Compound Preparation/Administration
810-2 (Gal2-preffering) and 505-5 (Gal1-preferring) (molecular weights 2124 g/mol and 2113 g/mol, respectively)34-38 was synthesized by PolyPeptide Laboratories (San Diego, CA USA). 810-2 was dissolved in a vehicle (VEH) solution of 20% hydroxy propyl beta cyclodextrin (HPβCD; Sigma, St. Louis, MO, USA) in acetate buffer [0.1 M acetic acid (from glacial acetic acid stock; Sigma, St. Louis, MO, USA); 0.1 M sodium acetate (Sigma, St. Louis, MO, USA), pH 4.5]. 505-5 was dissolved in a VEH solution of 1% Tween 20 (Sigma, St. Louis, MO, USA) in 0.9% NaCl. Compounds were administered by intraperitoneal (IP), intracerebroventricular (ICV; free-hand injection), or intra-amygdala (1-2 weeks post unilateral amygdala cannulation). Separate experiments were also conducted for administration of galanin analogs by subcutaneous (SC) sub-chronic (14-day) administration. 810-2 and 505-5 were prepared in 50:50 dimethylsulfoxide:water at concentrations of 67.2 mg/ml and 16.8 mg/ml (respectively), and placed in implantable mini-pumps (Alzet, model 1002)
Surgical Implantation of Unilateral Amygdala Cannulae
Procedures are similar to those described previously for implantation of unilateral cannulae for drug administration39. Buprenorphine (0.01-0.2 mg/kg) was administered 1h prior to surgery. Isoflurane (2-5% in O2) was used for anesthesia, and mice were placed in a stereotaxic apparatus. A Dremel drill was used to drill a single hole over the right hemisphere followed by placement of a 22-gauge cannula above the dura mater (AP −1.2, ML 3.3). This guide cannula was glued in place using dental acrylic. Antibiotic ointment was applied to the surface around the head cap and penicillin (60000 units, SC) was administered. Mice were then allowed to recover in their home cages (singly housed) for ∼1 week.

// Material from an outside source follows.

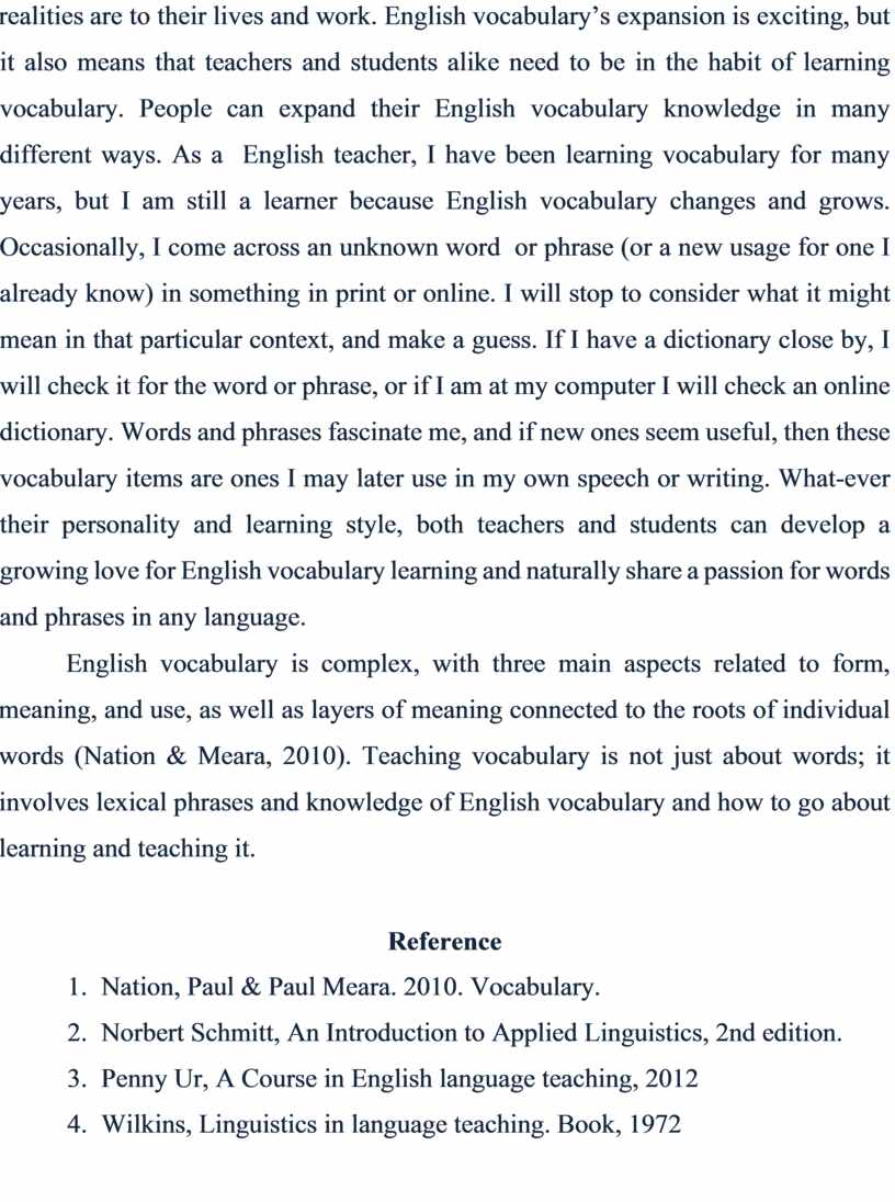 As Ur (2012) aptly stated, unlike grammar, “lexical items … are an open set, constantly being added to (and lost, as archaic words gradually go out of use)” (p.3). Perhaps this situation is most evident with computer-related vocabulary, such as the Internet, e-mail, and Web browser, which was not commonly used even 15 years ago. Now, though, everyone seems to know these items and how important such realities are to their lives and work. English vocabulary’s expansion is exciting, but it also means that teachers and students alike need to be in the habit of learning vocabulary. People can expand their English vocabulary knowledge in many different ways. As a English teacher, I have been learning vocabulary for many years, but I am still a learner because English vocabulary changes and grows. Occasionally, I come across an unknown word or phrase (or a new usage for one I already know) in something in print or online. I will stop to consider what it might mean in that particular context, and make a guess. If I have a dictionary close by, I will check it for the word or phrase, or if I am at my computer I will check an online dictionary. Words and phrases fascinate me, and if new ones seem useful, then these vocabulary items are ones I may later use in my own speech or writing. What-ever their personality and learning style, both teachers and students can develop a growing love for English vocabulary learning and naturally share a passion for words and phrases in any language.

Surgical Implantation of Osmotic Minipumps
Alzet minipumps were prepared and immersed in saline overnight. Under isoflurane anesthesia (2-5% in O2), as described above, a small incision was made between the scapulae (shaved prior to incision) followed by clearance of subcutaneous fascia with forceps. Minipumps were placed in the subcutaneous space and the incision sutured with surgical silk. Antibiotic ointment was placed around the incision and mice were allowed to recover. Mice were monitored daily for the duration of the 14-day treatment.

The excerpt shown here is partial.